- RECORDED INFORMATION -
┄┄┄┄┄┄

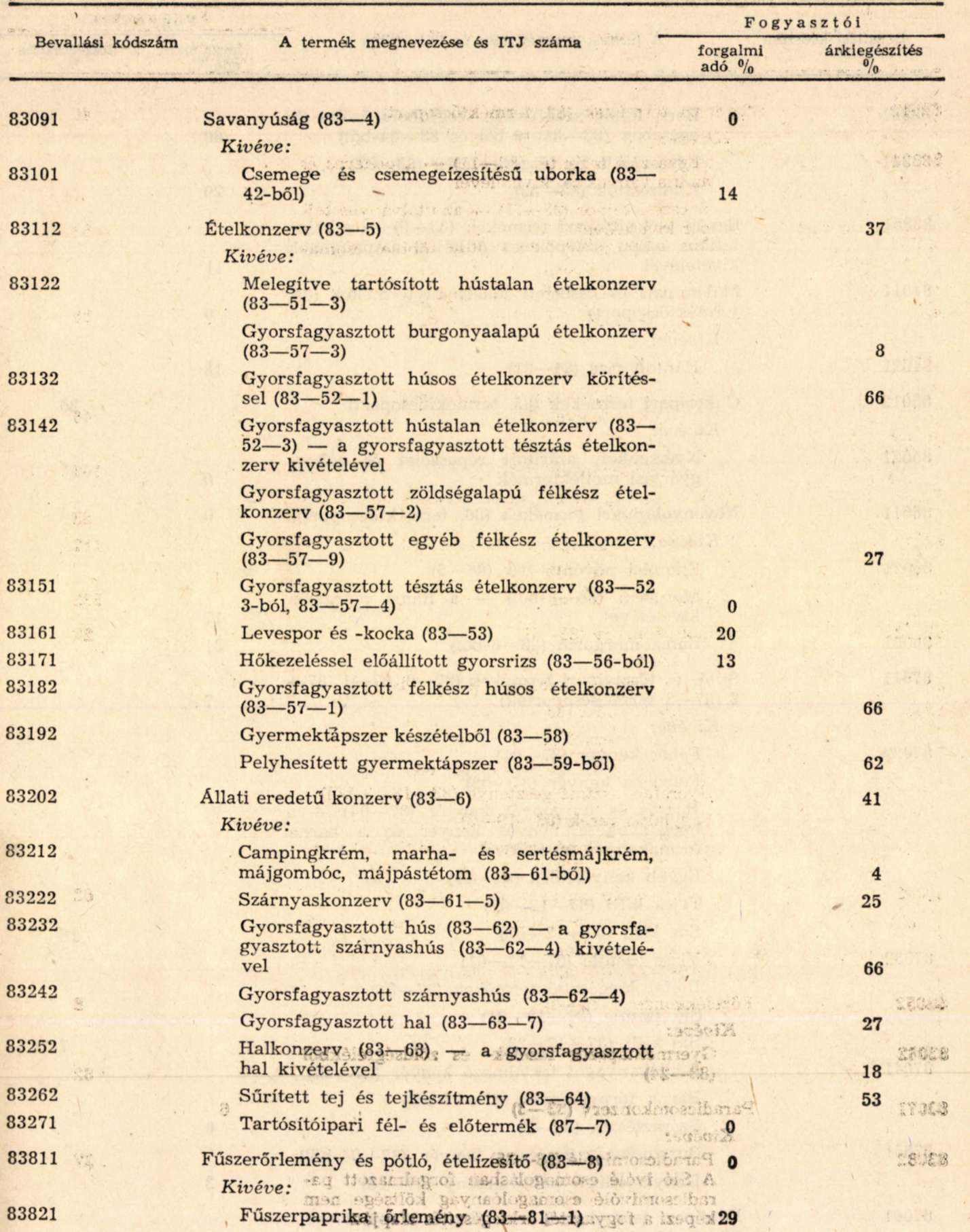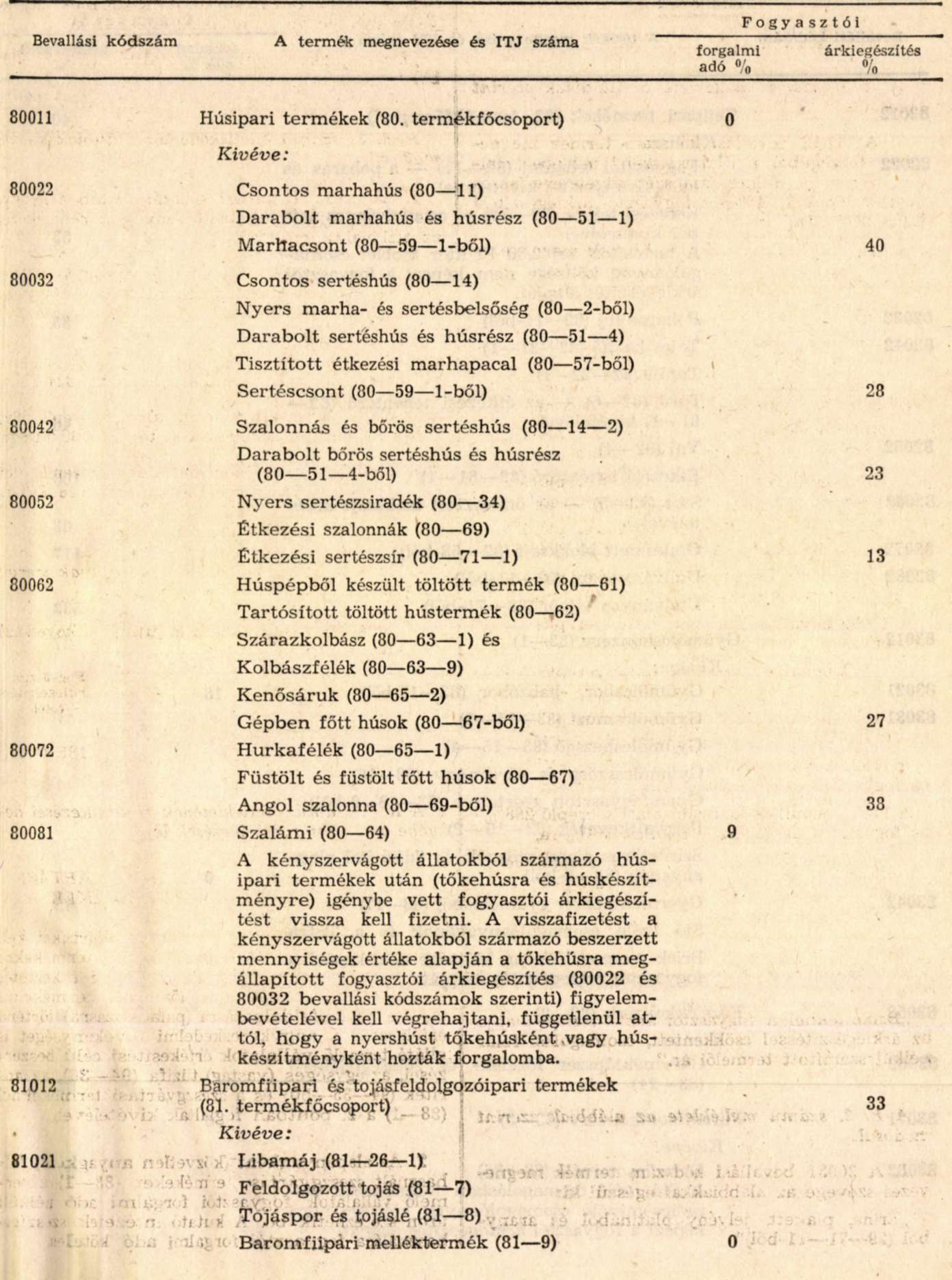 "(4) A kiskereskedelmi vállalatok a fogyasztói forgalmi adót és a fogyasztói árkiegészítést a bérmunkában készíttetett vagy adózatlanul, árkiegészítés nélkül beszerzett (a piaci forgalomban, házi iparostól stb. felvásárolt), valamint a termelőüzemükben előállított termékek után a kiskereskedelmi irányárréssel csökkentett, beszerzéskor, illetve kiszállításkor érvényes fogyasztói ár alapulvételével kötelesek fizetni, illetve igényelni."
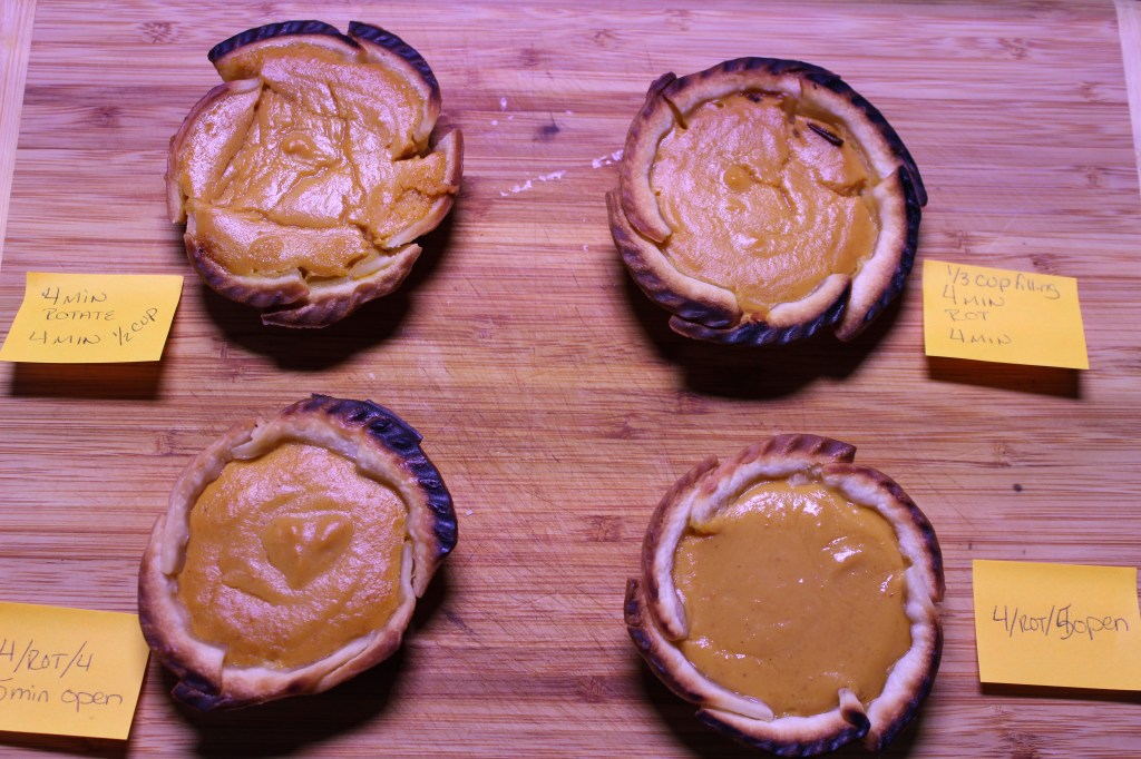 Of course, I had to give it a Pre-Thanksgiving run to see how it works. I read a lot of online reviews before firing it up, though, so I was prepared for a few of the common problems. I played around with a lot of time variations, sometimes leaving the device open for short periods in the middle of cooking and rotating the pies during the process. It took me eight pumpkin pies before I found a combination that produced a fantastic mini pie.
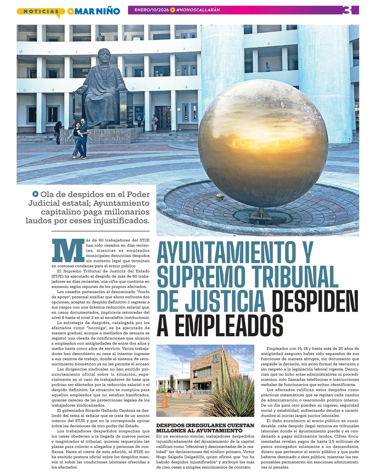 En un escenario similar, trabajadores despedidos injustificadamente del Ayuntamiento de la capital califican como «ofensivas y desconectadas de la realidad» las declaraciones del síndico primero, Víctor Hugo Salgado Delgadillo, quien afirmó que «no ha habido despidos injustificados» y atribuyó los más de cien ceses a simples vencimientos de contrato.

┄┄┄┄┄┄

Write out the whole listing exactly, and drop the pictures.

- ANSWER BOX -
 "(4) A kiskereskedelmi vállalatok a fogyasztói forgalmi adót és a fogyasztói árkiegészítést a bérmunkában készíttetett vagy adózatlanul, árkiegészítés nélkül beszerzett (a piaci forgalomban, házi iparostól stb. felvásárolt), valamint a termelőüzemükben előállított termékek után a kiskereskedelmi irányárréssel csökkentett, beszerzéskor, illetve kiszállításkor érvényes fogyasztói ár alapulvételével kötelesek fizetni, illetve igényelni."
 Of course, I had to give it a Pre-Thanksgiving run to see how it works. I read a lot of online reviews before firing it up, though, so I was prepared for a few of the common problems. I played around with a lot of time variations, sometimes leaving the device open for short periods in the middle of cooking and rotating the pies during the process. It took me eight pumpkin pies before I found a combination that produced a fantastic mini pie.
 En un escenario similar, trabajadores despedidos injustificadamente del Ayuntamiento de la capital califican como «ofensivas y desconectadas de la realidad» las declaraciones del síndico primero, Víctor Hugo Salgado Delgadillo, quien afirmó que «no ha habido despidos injustificados» y atribuyó los más de cien ceses a simples vencimientos de contrato.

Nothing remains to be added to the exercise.